To be clear, not all debt consolidation loans require collateral. If you have a good credit score, you can borrow an unsecured loan to help consolidate your debts. But if you do not have that, then offering collateral will help make your interest rate lower. It will also give you more money to work with – allowing you to consolidate a lot of debts. Of course, if you will use collateral, the lender will have to approve that as well. It has to have enough equity to cover the amount that you want to borrow. Even if your equity is $50,000, you cannot borrow everything, just a percentage of that.
What to do after getting debt consolidation loan approval
After you get a debt consolidation loan approval, do not think that the job is done. You still have a lot of things to do. Contrary to what you may believe, the approval is not the end of your debt relief program. Although all your original debts are paid off, you still owe the same amount of money. You just transferred your balance under one account.
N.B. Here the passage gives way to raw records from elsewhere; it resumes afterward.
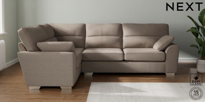 7.3.1 Buy Stamford Highback Large Corner Sofa - Left Hand Fine Chenille Easy Clean Mid Taupe Brown Large Square Angle - Chrome Metal from the Seasons online shop Click here to use our website with more accessibility support, for example screen readers
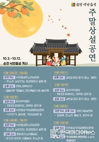 [ 한국미디어뉴스 이종철 기자 ] 순천시는 순천 낙안읍성에서 '주말 상설공연'과 '김빈길 장군 창극' 공연을 오는 10월 3일부터 12일까지 선보인다고 밝혔다.
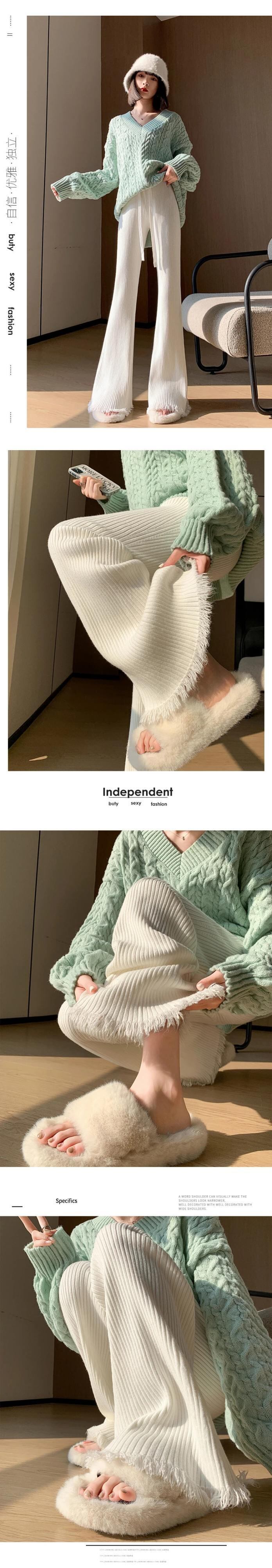 秋冬ウエスト肥厚ソフトテルホーンニットパンツ オータム 秋物 ウィンター 冬物
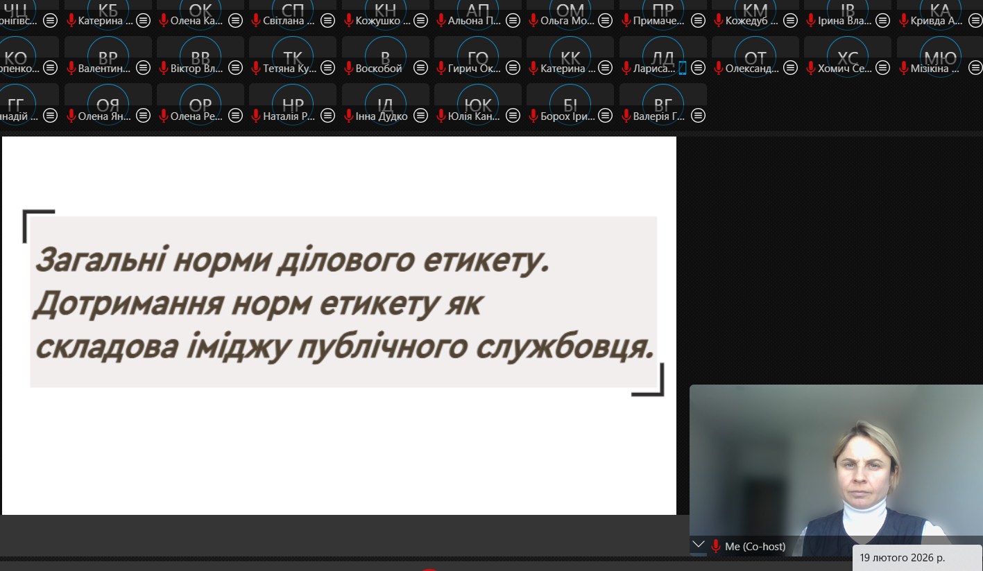 Протягом двох днів у дистанційному форматі слухачі працювали над осмисленням ролі протоколу й етикету як інструментів формування довіри до органів влади. Навчання стало простором не лише для систематизації знань, а й для критичного переосмислення усталених підходів до ділової комунікації в публічному секторі.
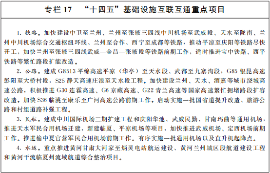 高质量发展迈出重要步伐。经济综合实力持续增强,地区生产总值由2015年的6557亿元增加到2020年的9016.7亿元。结构调整和转型升级深入推进,粮食生产连年丰收,稳定在1200万吨以上,现代丝路寒旱农业蓬勃发展,以“牛羊菜果薯药”为代表的优势特色产业种养规模不断扩大,“厚道甘肃·地道甘味”美誉度和影响力大幅提升;传统产业“三化”改造步伐加快,外送电量大幅增长,常乐电厂、酒钢7号高炉、宝方炭材超高功率石墨电极生产线等一大批重大产业项目竣工投产;兰州新区等增长极快速成长,产业人口集聚初具规模;十大生态产业增加值占全省生产总值比重达到24.2%,服务业占比超过55%。基础设施条件进一步改善,宝兰高铁、银西高铁、兰渝铁路、敦格铁路、兰州轨道交通1号线一期工程,白明、景中、两徽、张扁高速公路,陇南成县机场等一大批标志性工程建成投运;中川国际机场三期扩建,中川至武威高铁、西成铁路、天陇铁路,敦当、彭大、平天、武九高速公路,甘肃中部生态移民扶贫开发供水等重大工程项目相继开工;全省互联网出口带宽五年增加828%,农村地区光纤和4G网络覆盖率均达到99%以上。

This is why you need to make sure that you do not fall under a false sense of debt freedom. There is still a long way to go but it will be easier if you do the following.
Pay off your multiple debts immediately
As soon as you get the debt consolidation loan approval, you need to use the money immediately to pay off your debts. You want to do this as soon as possible because the longer the money stays in your hands, the more tempting it will be to use it for something else.
Have a repayment plan
Ideally, you should have a repayment plan before you get a debt consolidation loan approval. Planning the repayment will force you to look at your finances so you can determine if you can afford the future payments or not. It will encourage you to borrow only what is necessary. At the same time, it will also help you get the payments started after the loan is approved. This plan will serve as your guide as you slowly complete your journey towards debt freedom.
Revise your budget plan
To be successful at any debt relief option, you need to pay attention to certain budgeting tips so you can get to debt freedom easily. If you have a repayment plan, you need to check your budget plan to ensure that it will be aligned with each other. Your budget plan should support your repayment plan. If not, it will be hard for you to completely pay off your debts according to your repayment strategy.
Stop borrowing money
Finally, you should also stop borrowing money after you get the debt consolidation loan approval. You will not completely eliminate the use of credit. But you have to stop borrowing while you are still paying off what you owe. If you keep on borrowing, your debt payments will never end. It will always be there adding to the stress that you are already feeling. You can still use credit in the future but make sure that you know how to use it wisely. That way, you will never land in the same destructive debt situation again.